January 2013

Jaime Schrabeck

The Nail Extension | by Jaime Schrabeck


Professional Support

What makes us "professional?"

In the broadest sense, anyone working in the beauty industry could be considered "professional," including those who are not licensed, competent, ethical, legitimate or financially successful; Is being all of those things too much to expect of a "beauty professional?"

We all know examples of talented, hard-working individuals who can't support themselves and others who do well for themselves, but work illegally. How do we reconcile ourselves to a concept that divides us, the concept of being professional?

Consider the efforts of the Professional Beauty Association (PBA), our industry's largest trade association. Earlier this year, the PBA invited all beauty professionals to "Take the Pledge" and commit to a code of ethical practices.

Each PBA membership section (salon owners, licensed professionals, manufacturers and distributors) has its own code online to "print, sign and display (probeauty.org/pledge). If not already a member of the PBA, you may have missed this invitation to "Take the Pledge," but it's available to you regardless of membership.

For most readers, the applicable code would be either for salon owners or licensed professionals. This statement precedes each one: "In order to ensure and promote integrity in the professional beauty industry, PBA expects all members of the [insert section name here] section to abide by the standards which are reflected in this Code of Ethical Practice."

As a salon owner, licensed professional and PBA member, I understand the PBA's intent to "create a uniform standard in the way we view and act as an industry." And I don't disagree with what's included in the codes. In fact, my initial reaction was "I'm already doing these things." However, after careful consideration, I chose not to sign the pledge. In my opinion, this pledge wouldn't change my behavior, or make me anymore "professional." Violating it does not carry any more consequences than signing it does. 

Beauty professionals don't lack commitment, they lack information. I've supported the PBA for years, and especially appreciate its Nail Manufacturer Council on Safety (NMC). Scientific information from this trusted source benefits both the nail industry and consumers, and I reference it often. Even if the NMC were the only function of the PBA, it would make my membership worthwhile. Yet, I have a difficult time convincing other salon owners and licensees to join this organization. Why is that?

Granted, the impact and appeal of the PBA would be greater if there were national standards, testing and licensure, but that's not the case. Our individual concerns tend to be more immediate because most of us work at the local level, regulated by our respective state governments. And at the federal level, where laws affect all of us, we don't support each other and our industry as we should, especially with regard to legal compensation of employees and our tax obligations.
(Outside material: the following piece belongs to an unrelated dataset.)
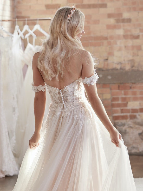 Reminiscent of wildflowers and watercolors. Undeniably whimsical. Pairs perfectly with a bright bouquet. (May we suggest something with lots of greenery?) A fairytale A-line bridal gown for a striking and feminine statement.

With all due respect, the PBA's ongoing efforts to lobby Congress to pass The Small Business Tax Equalization and Compliance Act (SB974/HR195, also known as the FICA Tip Tax Credit), have not yet been successful. To its credit, the PBA does an excellent job of explaining its position that salon owners should not be responsible for paying taxes (7.65%) on tip income paid to service providers by consumers. Twenty years ago, the lobbying efforts of the National Restaurant Association resulted in a federal dollar-for-dollar tax credit for restaurant owners, known as section 45B of the Internal Revenue Code. However, that credit does not apply to salon owners and their employees, no matter how comparable the industries.

The proposed legislation is fundamentally fair and logically sound, but how many within the beauty industry even know about it? Sadly, even if they knew, I'm sure that many would think it's not their problem. This legislation doesn't directly affect manufacturers or distributors; their employees don't collect tips. And let's be real: many licensed professionals don't report their tip income, and many salon owners don't take financial responsibility for their workers as employees (although if audited, the IRS would categorize them as such). So we're left with the PBA and salon owners who follow the law and pay their employment taxes fighting for this legislation? That's not very encouraging, and apparently not enough.

It's time we come together as professionals for the better of our industry; we need each other's support.